Ten women with limited SSc were enrolled. They underwent double skin biopsy (affected and nonaffected skin). Fibroblasts and microvascular endothelial cells (MVECs) were isolated from biopsies. We performed mono- or coculture of MVECs (isolated from nonaffected skin) with fibroblasts (isolated from affected skin and stimulated with ET-1 and transforming growth factor beta [TGF-β]). In cocultures, the MVEC layer was left undisturbed or was preincubated with BOS or MAC. After 48 h of coculture, MVECs were analyzed for their tube formation ability and for messenger RNA and protein expression of different vascular (CD31, vascular endothelial growth factor-A [VEGF-A], VEGF-A165b) and profibrotic (alpha-smooth muscle actin [α-SMA], collagen type I [Col I], TGF-β) molecules.
After 48 h, MVECs showed a reduced tube formation ability when cocultured with SSc fibroblasts. CD31 and VEGF-A resulted in downregulation, while VEGF-A165b, the antiangiogenic isoform, resulted in upregulation. At the same time, mesenchymal markers α-SMA, Col I, and TGF-β resulted in overexpression in MVECs. Tube formation ability was restored when MVECs were preincubated with BOS or MAC, also reducing the expression of mesenchymal markers and restoring CD31 expression and the imbalance between VEGF-A and VEGF-A165b.
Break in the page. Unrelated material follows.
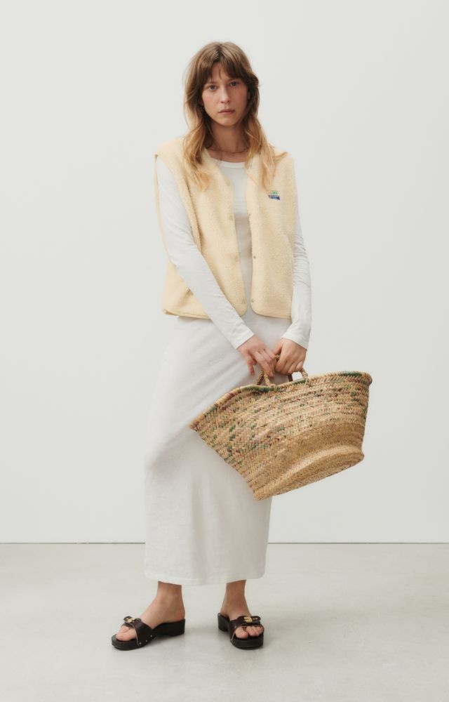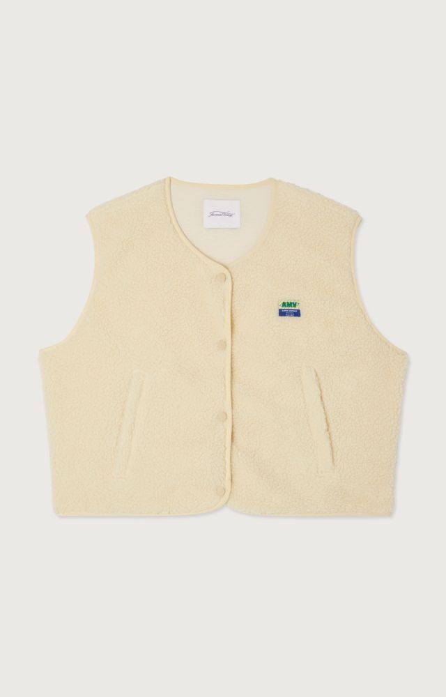 Gilet van American Vintage druk knopen aan de voorzijde. Met dit creme kleurige jasje maak jij jouw outfit helemaal compleet. Leuk voor over een t-shirt, sweater of jurk. De bodywarmer is gemaakt van 100% polyester.

With this innovative EndoMT in vitro model realized by coculturing nonaffected MVECs with affected SSc fibroblasts, we show that the presence of a myofibroblast phenotype in the fibroblast layer, coupled with an ET-1-TGF-β synergic effect, is responsible for EndoMT. BOS and MAC seem able to antagonize this phenomenon in vitro, confirming previous evidence of endothelium-derived fibrosis in SSc and possible pharmacological interference.
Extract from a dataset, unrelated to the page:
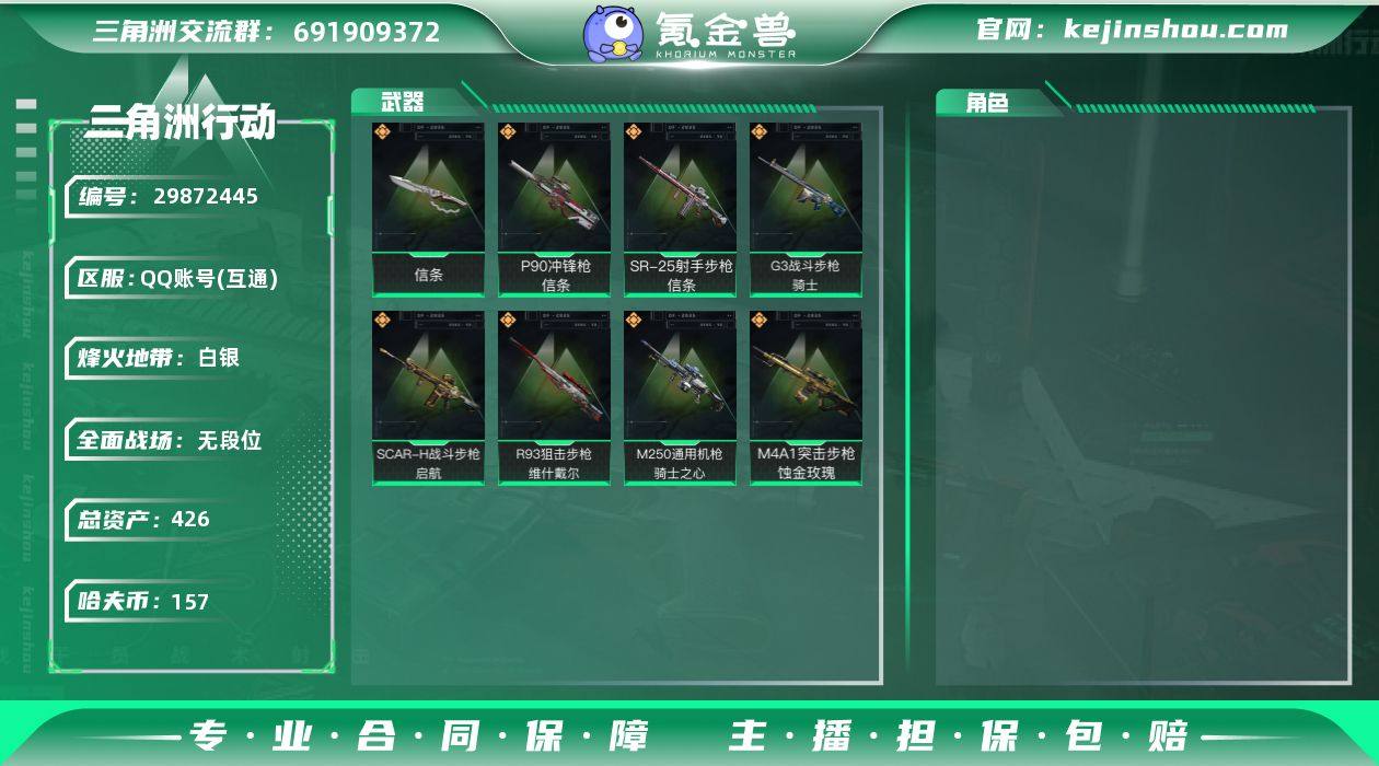 tx1237 总资产426M 烽火等级60级 红狼-蚀金玫瑰捆绑包 信条捆绑包 骇爪-维什戴尔捆绑包 特勤处高等级 收藏室多大红 仓库多大红 非洲之心 S7赛季通行证 80发AWM子弹 157M纯币 (可二次实名)

系统性硬化症(SSc)的特征是早期血管异常,随后成纤维细胞激活转变为肌成纤维细胞,导致纤维化。最近,内皮-间充质转化(EndoMT),即内皮细胞失去其特异性标志物并获得间充质或肌成纤维细胞表型的复杂生物学过程,已在SSc中被报道。在本研究中,我们评估了内皮素-1(ET-1)双重受体拮抗剂波生坦(BOS)和马昔腾坦(MAC)在体外拮抗EndoMT的能力。
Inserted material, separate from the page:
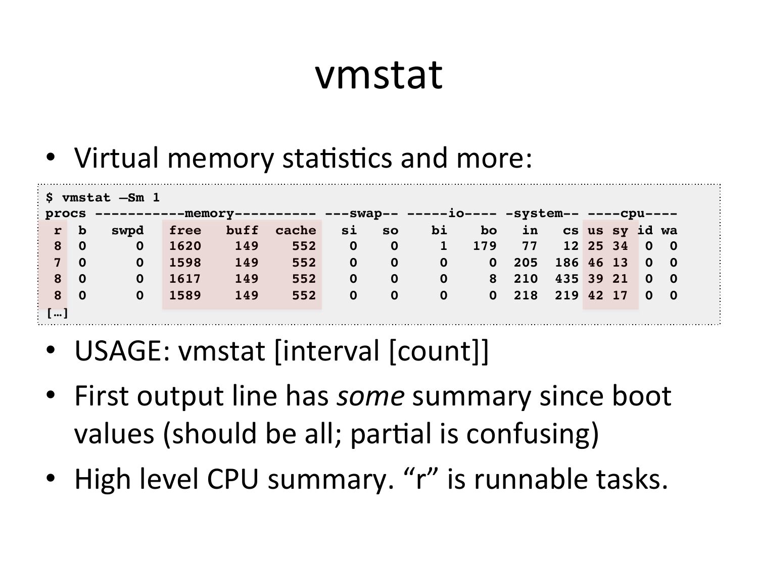 vmstat • Virtual memory staVsVcs and more: $ vmstat –Sm 1! procs -----------memory---------- ---swap-- -----io---- -system-- ----cpu----! r b swpd free buff cache cs us sy id wa! 8 0 12 25 34 0 0! 7 0 0 205 186 46 13 0 0! 8 0 8 210 435 39 21 0 0! 8 0 0 218 219 42 17 0 0! […]! • USAGE: vmstat [interval [count]] • First output line has some summary since boot values (should be all; parVal is confusing) • High level CPU summary. “r” is runnable tasks.slide 20:

招募了10名局限性SSc女性患者。她们接受了双皮肤活检(受累皮肤和未受累皮肤)。从活检组织中分离出成纤维细胞和微血管内皮细胞(MVECs)。我们将MVECs(从未受累皮肤分离)与成纤维细胞(从受累皮肤分离并用ET-1和转化生长因子β [TGF-β]刺激)进行单培养或共培养。在共培养中,MVEC层保持原状或预先用BOS或MAC孵育。共培养48小时后,分析MVECs的管形成能力以及不同血管(CD31、血管内皮生长因子-A [VEGF-A]、VEGF-A165b)和促纤维化(α-平滑肌肌动蛋白 [α-SMA]、I型胶原 [Col I]、TGF-β)分子的信使RNA和蛋白质表达。
48小时后,与SSc成纤维细胞共培养时,MVECs的管形成能力降低。CD31和VEGF-A下调,而抗血管生成异构体VEGF-A165b上调。同时,间充质标志物α-SMA、Col I和TGF-β在MVECs中过表达。当MVECs预先用BOS或MAC孵育时,管形成能力恢复,同时也降低了间充质标志物的表达,并恢复了CD31表达以及VEGF-A和VEGF-A165b之间的失衡。
通过将未受累的MVECs与受累的SSc成纤维细胞共培养建立的这种创新的体外EndoMT模型,我们表明成纤维细胞层中肌成纤维细胞表型的存在,加上ET-1-TGF-β协同效应,是EndoMT的原因。BOS和MAC似乎能够在体外拮抗这种现象,证实了先前关于SSc中内皮源性纤维化的证据以及可能的药物干预。